Big Data refers to datasets that are too large, fast, and varied to be captured, stored, managed, and processed efficiently by traditional database tools. It is characterized by the "V"s:

  • Volume — enormous amounts of data (terabytes to petabytes and beyond).
  • Velocity — high speed of data generation and the need for real-time/near-real-time processing.
  • Variety — structured, semi-structured, and unstructured data (text, images, logs, sensor data, social media).
  • Veracity — uncertainty/quality of data, and Value — usefulness extracted from it.

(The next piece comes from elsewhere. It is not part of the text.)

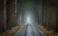 Misterieus landweggetje omgeven door mist.
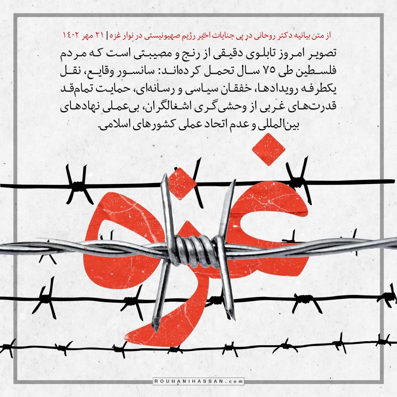 به گزارش خبرگزاری خبرآنلاین، حسن روحانی در بخشی از این بیانیه اعلام کرد: تصویر امروز تابلوی دقیقی از رنج و مصیبتی است که مردم فلسطین طی ۷۵ سال تحمل کردهاند: سانسور وقایع، نقل یکطرفه رویدادها، خفقان سیاسی و رسانهای، حمایت تمامقد قدرتهای غربی از وحشیگری اشغالگران، بیعملی نهادهای بینالمللی و عدم اتحاد عملی کشورهای اسلامی.

Big Data is typically processed using distributed frameworks such as Hadoop (HDFS + MapReduce), Spark, and NoSQL databases that scale horizontally across clusters of commodity machines.

(b) Information Retrieval

Information Retrieval (IR) is the area concerned with finding relevant documents/information (usually unstructured text) from a large collection in response to a user's query, as opposed to retrieving exact structured records like a DBMS.

  • A typical IR system indexes documents (e.g., using an inverted index), processes the query, ranks documents by relevance, and returns the most relevant results.
  • Common models: Boolean, Vector Space Model (using TF–IDF weighting and cosine similarity), and Probabilistic models.
  • Effectiveness is measured by precision (fraction of retrieved that are relevant) and recall (fraction of relevant that are retrieved).
  • Web search engines (e.g., Google) are the most familiar large-scale IR systems.